From the Congressional Monthly Update, Jan 2008

On Saturday, Dec. 29, the president signed the Medicare, Medicaid and SCHIP Extension Act of 2007, which replaces the 10.1 percent reduction in Medicare Part B payments scheduled for 2008 with a six-month, 0.5 percent increase. Physicians will again face a reduction in Part B payments in July 2008 unless Congress once again intervenes.

The Centers for Medicare & Medicaid Services (CMS) announced that it will give physicians an additional 45 days to decide whether to participate in the Medicare program for 2008. Providers now have until Feb. 15, 2008, instead of Dec. 31, 2007.

Besides temporarily averting the cut, the Medicare, Medicaid and SCHIP Extension Act of 2007:

  • Extends the SCHIP at current funding through March 31, 2009;
  • Continues the Physician Quality Reporting Initiative for all of 2008 (successful participants will still earn a bonus payment of 1.5 percent of all covered professional services provided during the reporting period);
  • Extends the 5 percent bonus payment to physician shortage areas through June 30;
  • Extends the geographic practice cost index floor of 1.0 through June 30;
  • Extends a provision in the Balanced Budget Act of 1997 that allows independent laboratories to bill Medicare directly for the technical component of certain pathology services provided to hospitals through June 30;
  • Extends the exceptions process for therapy caps through June 30;
  • Extends the current “charges to cost” methodology that provides a separate payment for brachytherapy beginning April 1, including therapeutic radiopharmaceuticals;
  • Extends the reasonable costs payments for certain clinical diagnostic laboratory tests in rural areas through June 30;
  • Requires the Centers for Medicare & Medicaid Services to adjust the average sales price (ASP) calculation to use volume-weighted ASPs based on actual sales volume and institutes a reimbursement rate for generic albuterol; and
  • Allows reimbursement for certain diabetes laboratory tests for home use at the same rate as other glycated hemoglobin tests beginning April 1.
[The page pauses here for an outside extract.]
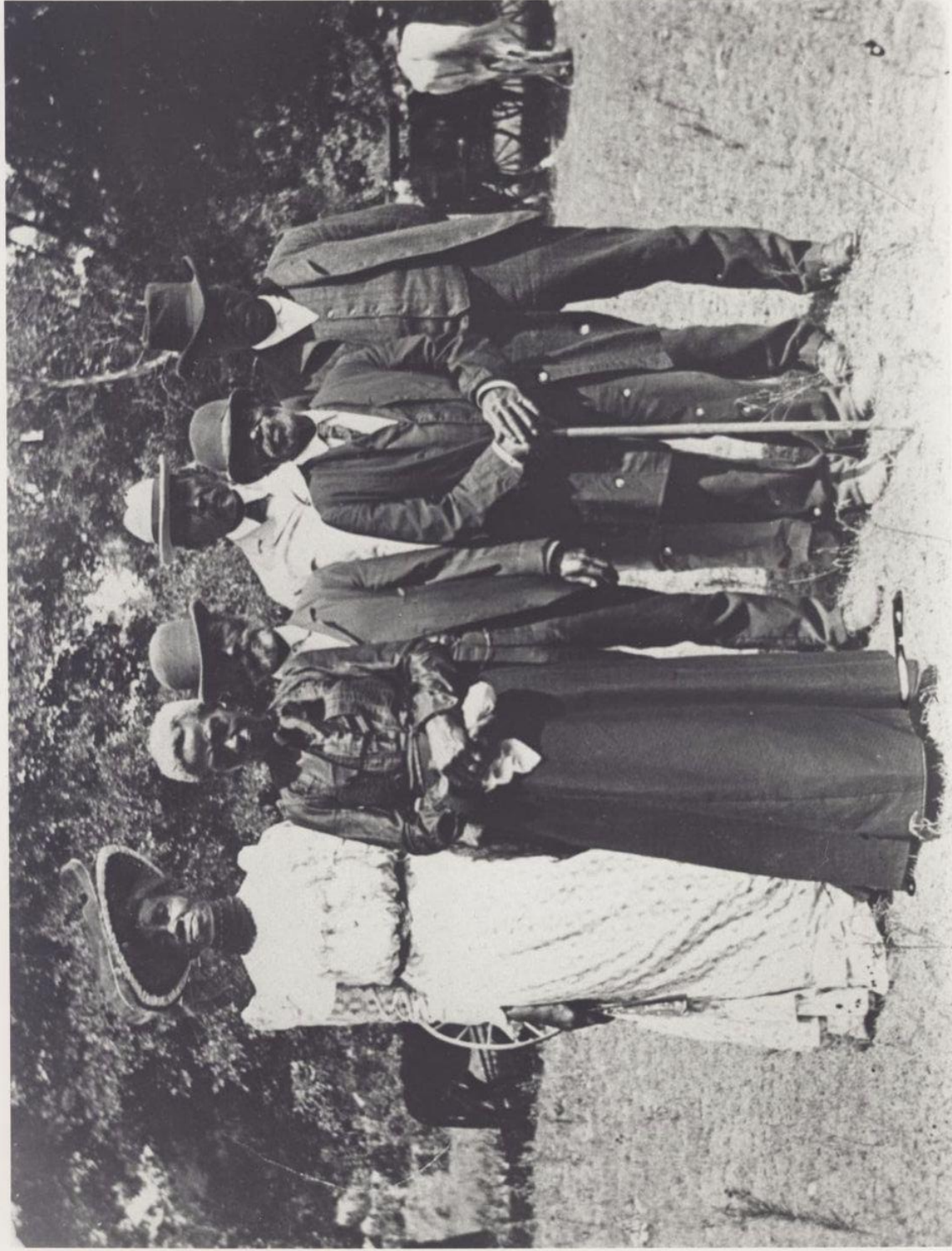
Primary Source F: Juneteenth Emancipation Day Celebration, June 19, 1900, Texas

Please note that congressional action to avert the reduction to the conversion factor is not the only change affecting 2008 Medicare payment rates. Adjustments will vary by service, specialty and locale based on the following factors included in the final CMS 2008 Medicare fee schedule rule:

  • 2008 will be the second year in a four-year transition to revise practice-expense relative value units.
  • A number of services — particularly under anesthesiology, and home-health and eye exams — have revised relative value units for physician work. These values increase significantly.
  • CMS has increased the budget-neutrality adjustment created last year to compensate for changes to the five-year review of work values; payments for many services will drop by about 1 percent.
  • The geographic adjustment factors (GPCIs) have been updated, as they are every three years. The changes’ magnitude is generally small, but affects many payment locales. In addition, the law just passed by Congress continued the floor on the work GPCI and the physician-scarcity area bonuses until June 2008.

The rule adds new services to those subject to imaging payment cuts stemming from the Deficit Reduction Act of 2005, which limits payments to no more than the comparable payment in hospital outpatient departments.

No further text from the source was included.